The WordCorr Project


Home ] [ Background ] [ Technical ] [ SourceForge Project Page ] [ Download ]


Overall ] [ General Plan ] [ Broader Implications ]

Background

Summary: Tracing systematic similarities among languages leads to understanding of their history. Unfortunately, it requires painstaking tabulations -- massive and inherently complex, and error prone in the way they are traditionally carried out.

The WordCorr project, with support from the National Science Foundation of the U.S. government, extends the capabilities of comparative linguists by matching their expertise in making pattern recognition judgments with a computational tool that organizes all their data in response to those judgments. This division of labor allows linguists to stay on top of greater quantities of data from more speech varieties than has been possible before, because it provides an information technology infrastructure for their discipline.

The computer does not do the analysis itself. Instead, it organizes the data according each linguist's informed decisions in a way that rapidly shows up contrasts and complementarities among correspondence sets, a key step in arriving at a systematic analysis. WordCorr also highlights and organizes information about the anomalies that invariably have to be accounted for.
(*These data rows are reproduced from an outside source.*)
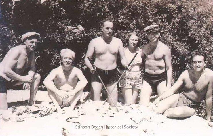 Group of 6 people on the beach in front of willow bush. The man in the center holds two walking sticks indicating they got there by hiking. All were wearing swimming clothes, other items of clothing are laying in front of them.On the back of photo: 1. Dr. Newman, 2. Duke Griffin, 3. Charles O'Brien, 4. Irene Griffin, 5. Lloyd Roach, 6. Elmer Collett are listed. Names are from left to right. Dr. Newman and Lloyd Roach's names can be found among the town fathers in 1940s.
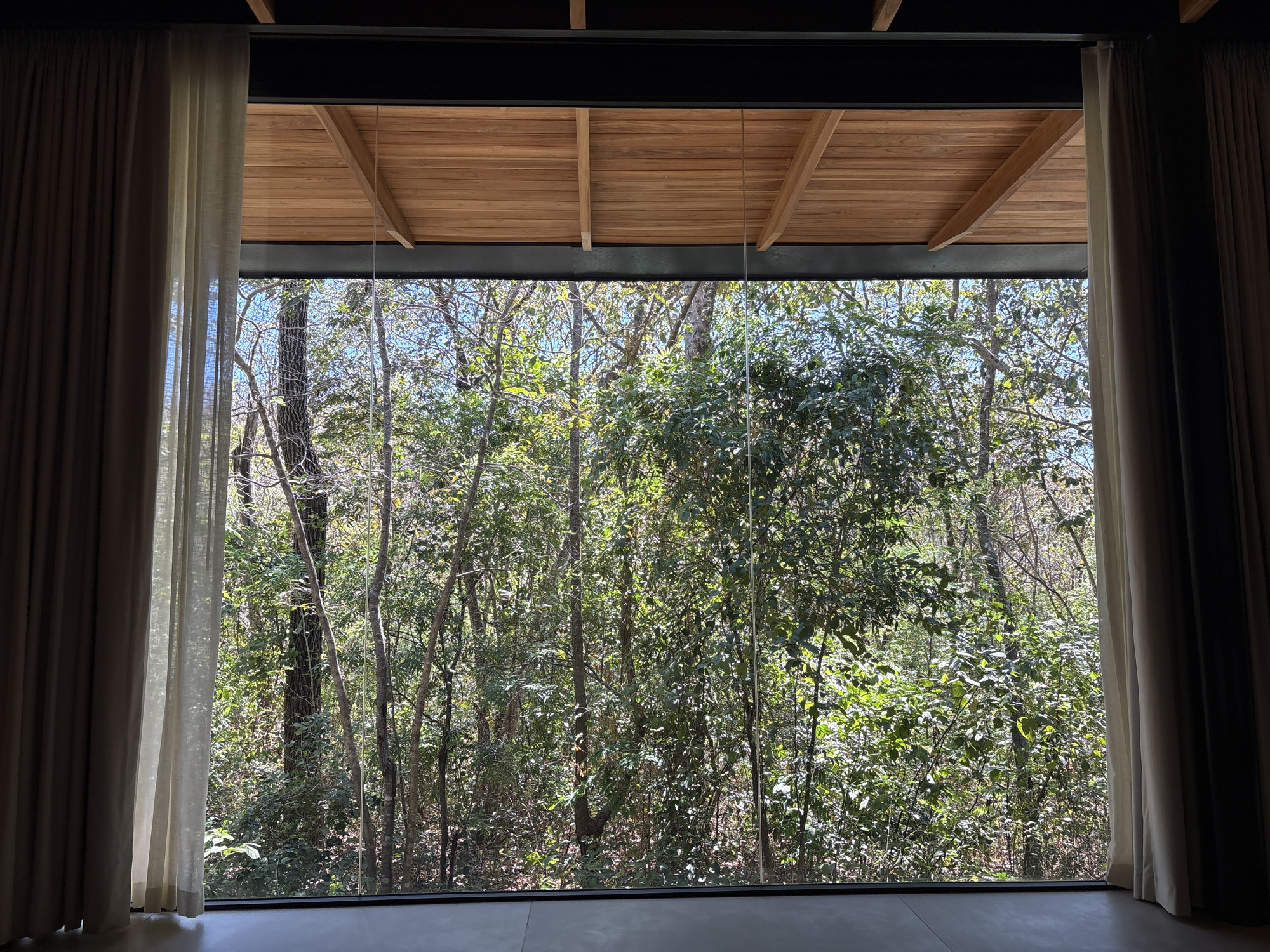 The scene depicts an interior space looking outward through a large, floor-to-ceiling glass window into a dense forest environment, specifically located in La Fortuna, Costa Rica. The window is bordered on both vertical sides by partially drawn curtains, consisting of an outer dark beige layer and an inner sheer light-colored layer. Above the window, a dark structural beam supports a wooden plank ceiling featuring visible crossbeams. The immediate foreground shows a light-colored, smooth floor surface. Beyond the window, the outdoor environment is dominated by a sunlit, verdant forest with numerous broadleaf trees, exhibiting varied foliage densities and trunk appearances. Patches of clear blue sky are visible through the tree canopy. No individuals or specific actions are discernible within the frame.
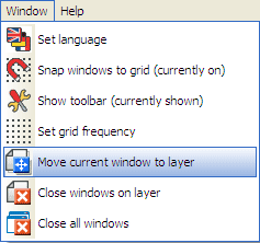 There are two ways of getting windows onto a layer. You can either select the layer you want the window on, and open the window on that layer, or you can move a window from the currently layer to another. You access the layer controls through the > Window menu:

It allows different levels of detail to be worked on, simultaneously if desired. The project involves constructing a specialized tool for linguists by

Why WordCorr? In the tabulation phase of comparative linguistics, the ratio of bookkeeping time to thinking time has long stood at more than 200 to 1. Word processors and spreadsheets have brought the ratio down a little, but not much. The WordCorr design allows a linguist to concentrate on the data, because all the bookkeeping is handled in seconds, without error and without diverting attention from the main thought process.

This helps transform comparative linguistics from drudgery illuminated now and then by a flash of insight into a doable endeavor that more people should be attracted to. WordCorr also assists in organizing the presentation of evidence for hypotheses about how language families have developed. It allows a large number of speech varieties to be compared at once.
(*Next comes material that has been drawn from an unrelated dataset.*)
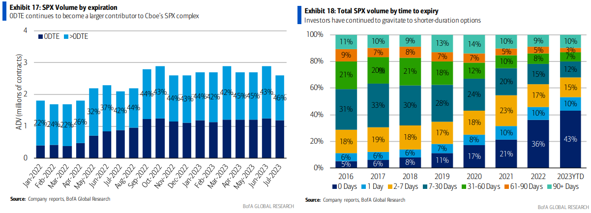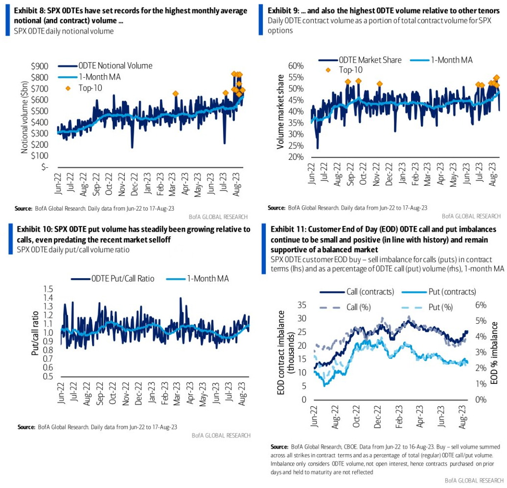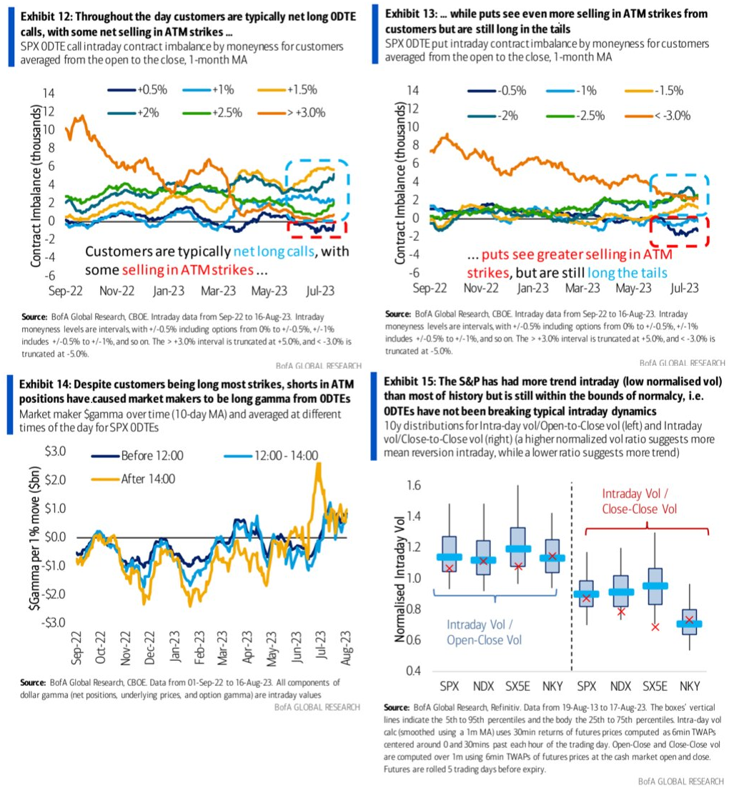 では更に増えたのが不安要素、具体的には主にディーラーに下方向に追加ヘッジを強いる「ボルマゲドン "Volmageddon"」が起きるリスクを劇的に増加させたかというと、今のところどの時間帯で見てもマーケット・メイカーを著しいガンマショートにさせていない。またヒストリカル対比でも、0DTEが流行っていない他の株式指数対比でも、顕著にイントラデーのトレンドが加速しやすいとまでは言えない。従ってBofAは0DTEのボリュームとシェアが最高値を更新してもそれは質的変化ではないとしている。だとすれば本ブログが4月に述べたように低Volレジームを自己実現させる構図は変わっていないということか。

Because of the necessity for close attention to minutiae, truly collegial research by teams of scholars is hard to achieve. Usually one scholar keeps in his or her head most of the options and uncertainties of the developing analysis, and assistants may be limited to compiling data and checking out specific lines of thought the lead scholar wants traced.

WordCorr, however, is designed so that each member of a team may follow through several alternate analyses, show them to colleagues, and discuss them freely until a consensus emerges, because all the alternatives are accessible through the data base.

Broader Impact: The team research aspect allows classes in the comparative method to be conducted using exactly the same software the students will eventually use for their own field work. By making educationally useful data sets available to the public at large via the Internet, WordCorr may attract people into linguistics. It may also help informed citizens to realize that languages other than their own are an intricate and beautiful heritage, not something to be despised or stamped out.

Overall ] [ General Plan ] [ Broader Implications ]


Home ] [ Background ] [ Technical ] [ SourceForge Project Page ] [ Download ]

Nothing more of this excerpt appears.